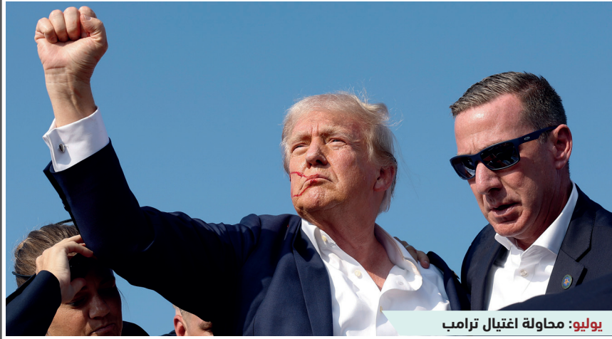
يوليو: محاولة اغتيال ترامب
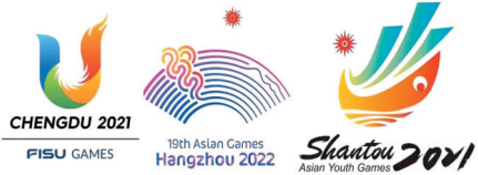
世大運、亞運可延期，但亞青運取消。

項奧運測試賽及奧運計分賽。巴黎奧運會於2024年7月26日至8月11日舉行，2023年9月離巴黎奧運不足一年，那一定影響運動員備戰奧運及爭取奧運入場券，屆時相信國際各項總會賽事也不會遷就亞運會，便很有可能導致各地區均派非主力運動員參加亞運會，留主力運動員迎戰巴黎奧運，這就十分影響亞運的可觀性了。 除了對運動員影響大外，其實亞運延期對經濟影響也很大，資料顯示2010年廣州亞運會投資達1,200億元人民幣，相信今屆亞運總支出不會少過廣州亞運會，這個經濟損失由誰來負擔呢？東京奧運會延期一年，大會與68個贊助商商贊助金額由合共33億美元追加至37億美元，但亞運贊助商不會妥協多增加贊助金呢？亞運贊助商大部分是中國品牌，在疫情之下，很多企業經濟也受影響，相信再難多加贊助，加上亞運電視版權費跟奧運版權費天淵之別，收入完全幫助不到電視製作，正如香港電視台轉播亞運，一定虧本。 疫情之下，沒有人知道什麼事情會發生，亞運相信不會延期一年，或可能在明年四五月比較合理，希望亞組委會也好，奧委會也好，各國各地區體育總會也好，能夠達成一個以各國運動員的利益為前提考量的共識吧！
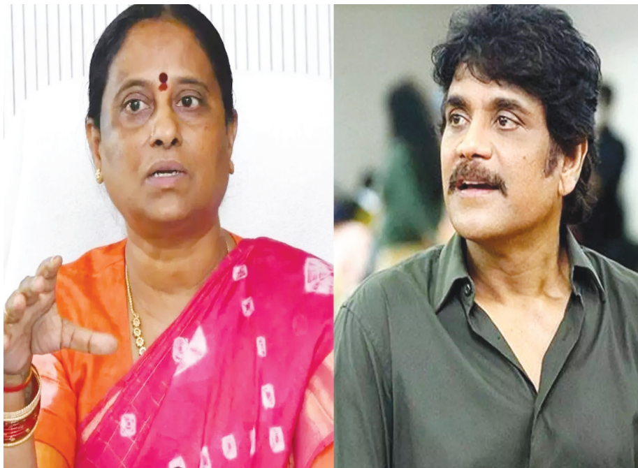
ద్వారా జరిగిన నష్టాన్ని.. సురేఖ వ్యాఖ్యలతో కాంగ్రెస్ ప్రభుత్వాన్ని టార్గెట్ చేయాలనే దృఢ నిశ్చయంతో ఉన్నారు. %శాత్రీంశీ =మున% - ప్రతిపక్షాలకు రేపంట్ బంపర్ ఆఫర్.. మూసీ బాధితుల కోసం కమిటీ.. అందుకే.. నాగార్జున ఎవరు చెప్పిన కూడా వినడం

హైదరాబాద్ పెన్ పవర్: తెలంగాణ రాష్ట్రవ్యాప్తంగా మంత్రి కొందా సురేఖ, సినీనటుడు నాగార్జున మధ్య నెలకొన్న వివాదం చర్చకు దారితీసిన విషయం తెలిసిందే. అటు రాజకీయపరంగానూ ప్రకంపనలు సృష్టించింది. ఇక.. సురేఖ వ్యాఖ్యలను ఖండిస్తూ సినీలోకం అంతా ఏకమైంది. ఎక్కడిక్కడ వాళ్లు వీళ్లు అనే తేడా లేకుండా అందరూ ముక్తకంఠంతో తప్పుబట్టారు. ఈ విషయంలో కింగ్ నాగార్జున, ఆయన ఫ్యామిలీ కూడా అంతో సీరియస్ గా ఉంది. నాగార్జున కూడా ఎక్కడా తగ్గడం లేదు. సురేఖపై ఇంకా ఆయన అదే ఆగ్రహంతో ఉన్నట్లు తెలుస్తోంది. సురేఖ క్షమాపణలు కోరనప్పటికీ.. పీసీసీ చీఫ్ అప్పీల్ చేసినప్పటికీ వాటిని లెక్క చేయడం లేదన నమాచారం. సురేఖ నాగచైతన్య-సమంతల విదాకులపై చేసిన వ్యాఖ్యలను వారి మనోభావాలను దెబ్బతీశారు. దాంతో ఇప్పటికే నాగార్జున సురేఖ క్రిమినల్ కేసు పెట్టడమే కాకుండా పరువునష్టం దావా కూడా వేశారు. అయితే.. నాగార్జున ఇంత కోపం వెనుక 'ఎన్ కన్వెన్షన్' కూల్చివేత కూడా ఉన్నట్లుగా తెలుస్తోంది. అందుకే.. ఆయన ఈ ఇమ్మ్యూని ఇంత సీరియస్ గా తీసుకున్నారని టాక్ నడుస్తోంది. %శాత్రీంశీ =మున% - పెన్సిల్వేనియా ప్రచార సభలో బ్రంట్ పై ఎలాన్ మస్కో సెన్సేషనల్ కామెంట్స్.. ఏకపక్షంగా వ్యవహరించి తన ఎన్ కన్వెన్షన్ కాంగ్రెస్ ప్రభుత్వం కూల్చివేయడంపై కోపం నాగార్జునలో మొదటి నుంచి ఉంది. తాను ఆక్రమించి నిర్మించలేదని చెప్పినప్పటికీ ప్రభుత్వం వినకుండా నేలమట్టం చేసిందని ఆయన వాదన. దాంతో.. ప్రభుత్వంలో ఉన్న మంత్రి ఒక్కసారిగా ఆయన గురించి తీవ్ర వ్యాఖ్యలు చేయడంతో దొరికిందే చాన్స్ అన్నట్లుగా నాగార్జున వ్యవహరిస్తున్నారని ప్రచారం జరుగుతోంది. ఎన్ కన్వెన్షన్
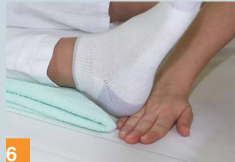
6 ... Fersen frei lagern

--

--- Your objective ---
Output each line of the listing above, word for word, from the one holding "ద్వారా జరిగిన నష్టాన్ని.." through the last line, both included; omit the pictures.

--- Your response ---
ద్వారా జరిగిన నష్టాన్ని.. సురేఖ వ్యాఖ్యలతో కాంగ్రెస్ ప్రభుత్వాన్ని టార్గెట్ చేయాలనే దృఢ నిశ్చయంతో ఉన్నారు. %శాత్రీంశీ =మున% - ప్రతిపక్షాలకు రేపంట్ బంపర్ ఆఫర్.. మూసీ బాధితుల కోసం కమిటీ.. అందుకే.. నాగార్జున ఎవరు చెప్పిన కూడా వినడం

హైదరాబాద్ పెన్ పవర్: తెలంగాణ రాష్ట్రవ్యాప్తంగా మంత్రి కొందా సురేఖ, సినీనటుడు నాగార్జున మధ్య నెలకొన్న వివాదం చర్చకు దారితీసిన విషయం తెలిసిందే. అటు రాజకీయపరంగానూ ప్రకంపనలు సృష్టించింది. ఇక.. సురేఖ వ్యాఖ్యలను ఖండిస్తూ సినీలోకం అంతా ఏకమైంది. ఎక్కడిక్కడ వాళ్లు వీళ్లు అనే తేడా లేకుండా అందరూ ముక్తకంఠంతో తప్పుబట్టారు. ఈ విషయంలో కింగ్ నాగార్జున, ఆయన ఫ్యామిలీ కూడా అంతో సీరియస్ గా ఉంది. నాగార్జున కూడా ఎక్కడా తగ్గడం లేదు. సురేఖపై ఇంకా ఆయన అదే ఆగ్రహంతో ఉన్నట్లు తెలుస్తోంది. సురేఖ క్షమాపణలు కోరనప్పటికీ.. పీసీసీ చీఫ్ అప్పీల్ చేసినప్పటికీ వాటిని లెక్క చేయడం లేదన నమాచారం. సురేఖ నాగచైతన్య-సమంతల విదాకులపై చేసిన వ్యాఖ్యలను వారి మనోభావాలను దెబ్బతీశారు. దాంతో ఇప్పటికే నాగార్జున సురేఖ క్రిమినల్ కేసు పెట్టడమే కాకుండా పరువునష్టం దావా కూడా వేశారు. అయితే.. నాగార్జున ఇంత కోపం వెనుక 'ఎన్ కన్వెన్షన్' కూల్చివేత కూడా ఉన్నట్లుగా తెలుస్తోంది. అందుకే.. ఆయన ఈ ఇమ్మ్యూని ఇంత సీరియస్ గా తీసుకున్నారని టాక్ నడుస్తోంది. %శాత్రీంశీ =మున% - పెన్సిల్వేనియా ప్రచార సభలో బ్రంట్ పై ఎలాన్ మస్కో సెన్సేషనల్ కామెంట్స్.. ఏకపక్షంగా వ్యవహరించి తన ఎన్ కన్వెన్షన్ కాంగ్రెస్ ప్రభుత్వం కూల్చివేయడంపై కోపం నాగార్జునలో మొదటి నుంచి ఉంది. తాను ఆక్రమించి నిర్మించలేదని చెప్పినప్పటికీ ప్రభుత్వం వినకుండా నేలమట్టం చేసిందని ఆయన వాదన. దాంతో.. ప్రభుత్వంలో ఉన్న మంత్రి ఒక్కసారిగా ఆయన గురించి తీవ్ర వ్యాఖ్యలు చేయడంతో దొరికిందే చాన్స్ అన్నట్లుగా నాగార్జున వ్యవహరిస్తున్నారని ప్రచారం జరుగుతోంది. ఎన్ కన్వెన్షన్
6 ... Fersen frei lagern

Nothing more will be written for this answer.